__GOAL OF THE EXERCISE__
For the data below, transcribe the part that opens with the line containing "Арматура из металла" and closes with the line containing "1970年代初めだっただろう", exactly and with no pictures.

__DATASET EXCERPTS__
*** Block opens ***

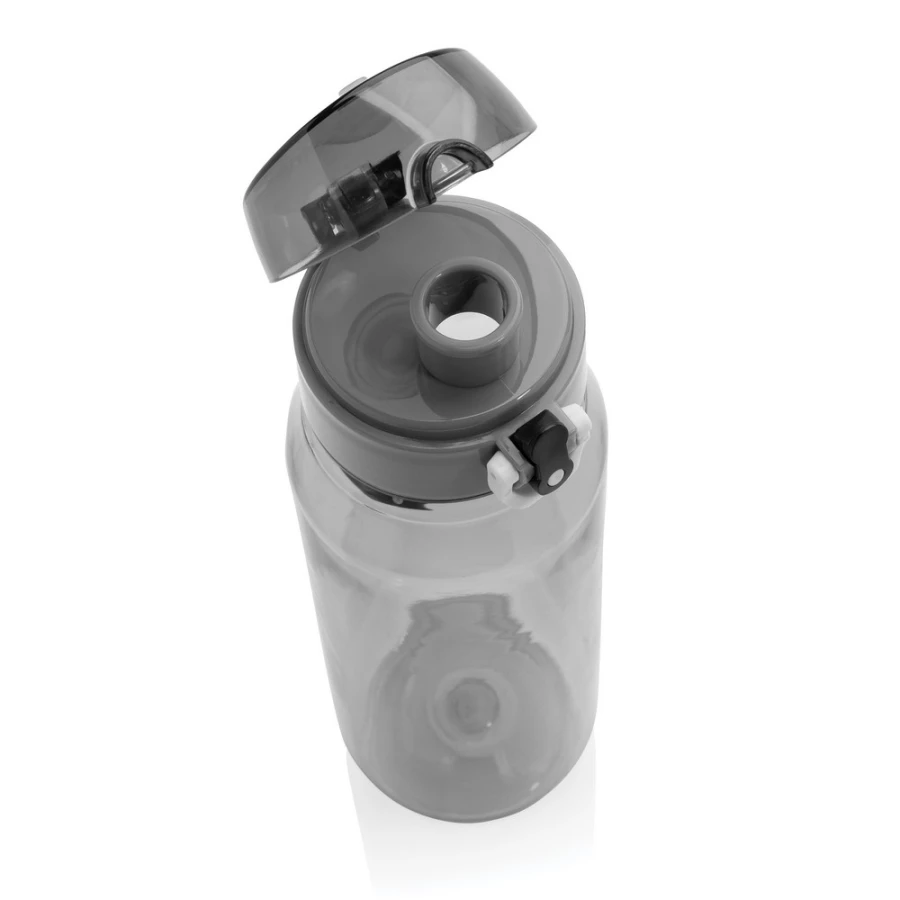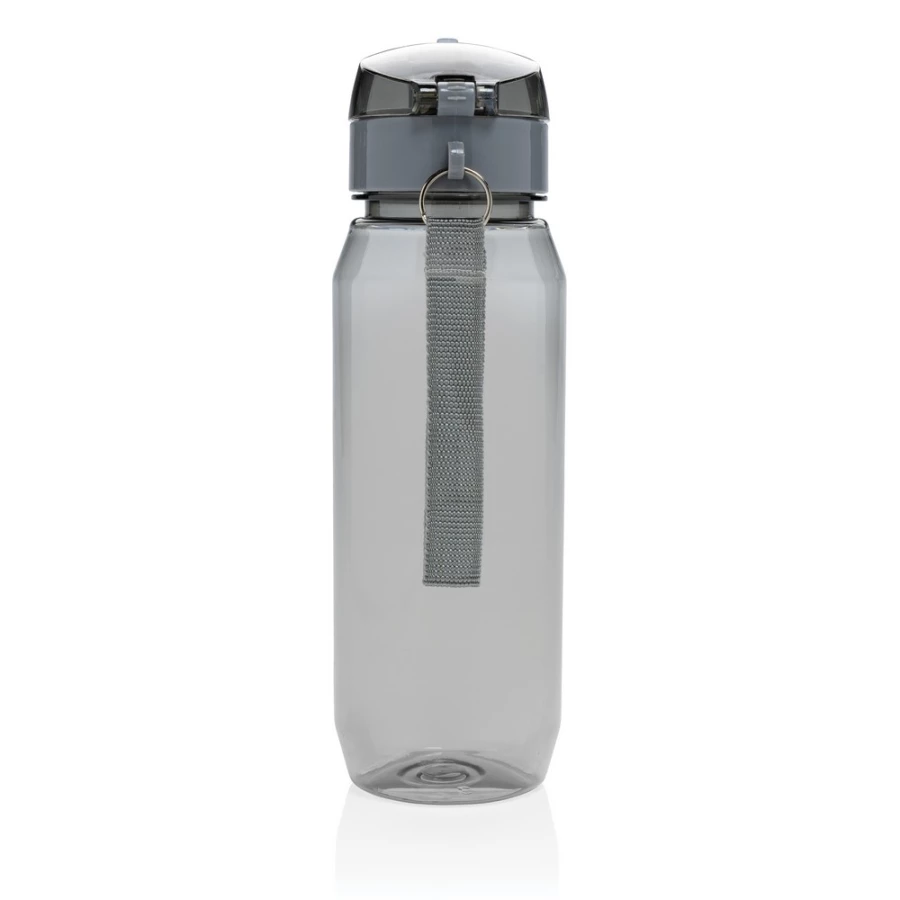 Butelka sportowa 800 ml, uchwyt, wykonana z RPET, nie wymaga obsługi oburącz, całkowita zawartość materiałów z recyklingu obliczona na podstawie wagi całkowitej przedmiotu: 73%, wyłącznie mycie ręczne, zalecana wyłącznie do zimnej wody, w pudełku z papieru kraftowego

*** Block closes ***
*** Block opens ***

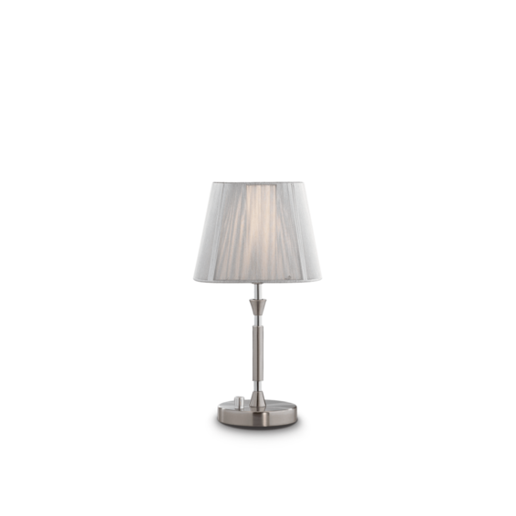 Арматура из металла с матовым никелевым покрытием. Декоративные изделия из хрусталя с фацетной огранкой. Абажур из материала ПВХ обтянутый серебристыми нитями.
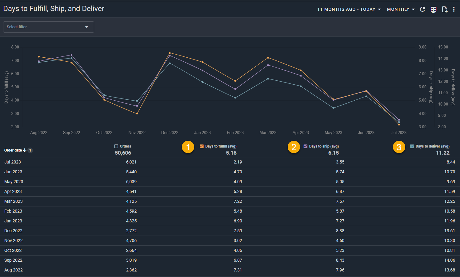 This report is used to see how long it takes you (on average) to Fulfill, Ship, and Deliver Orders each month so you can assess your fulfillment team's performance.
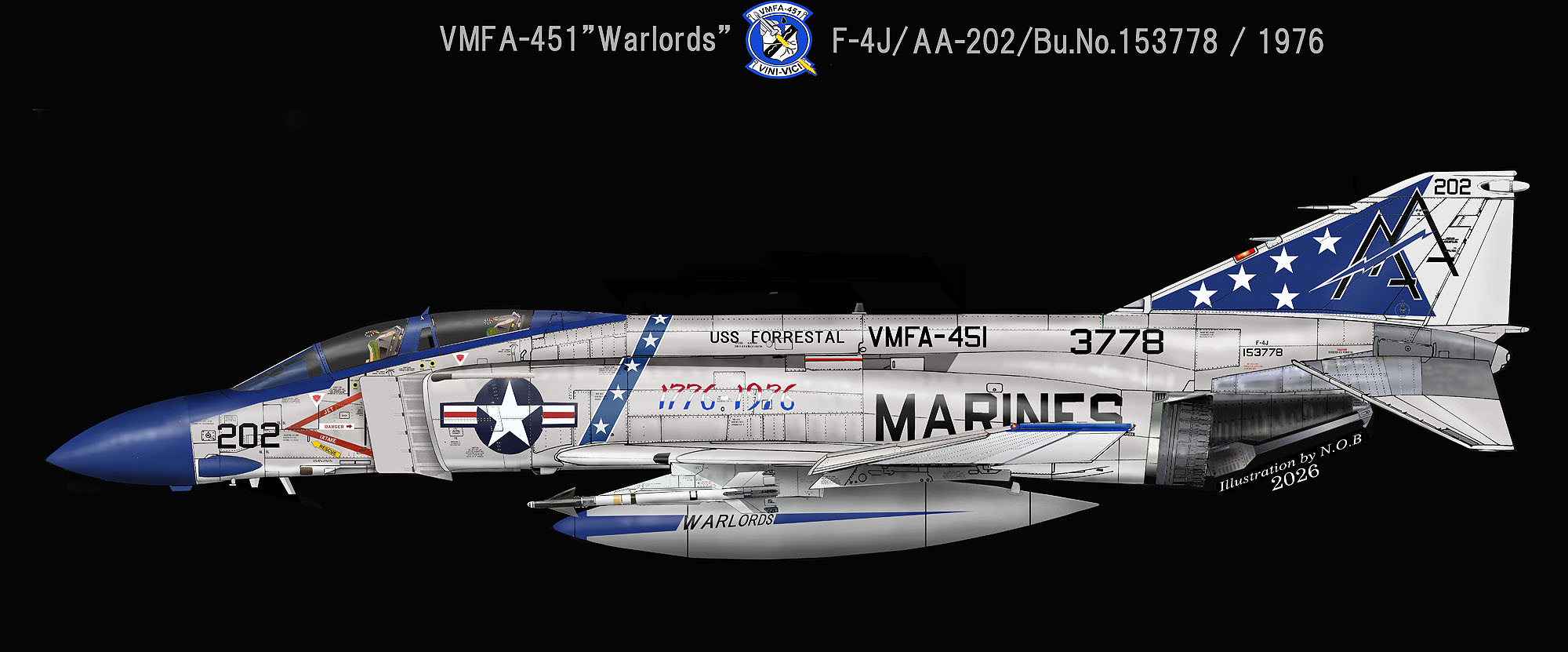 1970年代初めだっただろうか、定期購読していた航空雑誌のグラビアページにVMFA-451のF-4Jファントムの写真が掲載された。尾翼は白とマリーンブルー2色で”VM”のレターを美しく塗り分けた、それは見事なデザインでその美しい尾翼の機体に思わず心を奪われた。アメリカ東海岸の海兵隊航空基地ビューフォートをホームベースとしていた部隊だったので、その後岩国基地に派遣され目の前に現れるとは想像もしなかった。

*** Block closes ***
*** Block opens ***

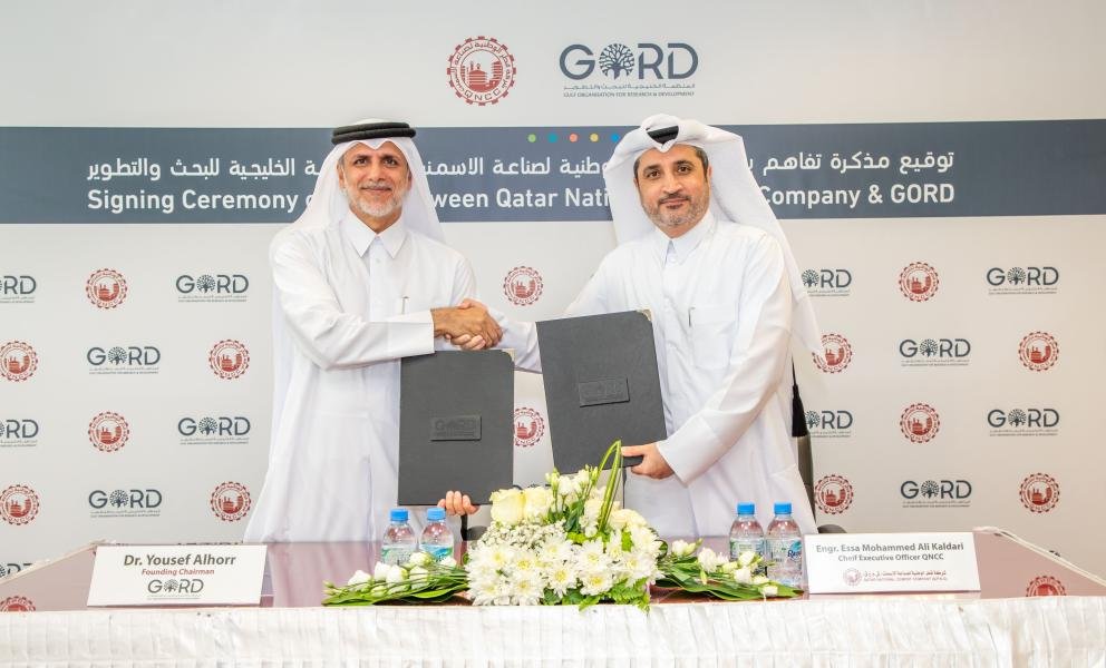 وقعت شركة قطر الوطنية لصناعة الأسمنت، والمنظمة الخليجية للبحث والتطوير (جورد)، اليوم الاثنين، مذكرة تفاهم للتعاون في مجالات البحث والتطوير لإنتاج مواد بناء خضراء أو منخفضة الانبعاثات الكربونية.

*** Block closes ***

__RESPONSE BELOW__
 Арматура из металла с матовым никелевым покрытием. Декоративные изделия из хрусталя с фацетной огранкой. Абажур из материала ПВХ обтянутый серебристыми нитями.
 This report is used to see how long it takes you (on average) to Fulfill, Ship, and Deliver Orders each month so you can assess your fulfillment team's performance.
 1970年代初めだっただろうか、定期購読していた航空雑誌のグラビアページにVMFA-451のF-4Jファントムの写真が掲載された。尾翼は白とマリーンブルー2色で”VM”のレターを美しく塗り分けた、それは見事なデザインでその美しい尾翼の機体に思わず心を奪われた。アメリカ東海岸の海兵隊航空基地ビューフォートをホームベースとしていた部隊だったので、その後岩国基地に派遣され目の前に現れるとは想像もしなかった。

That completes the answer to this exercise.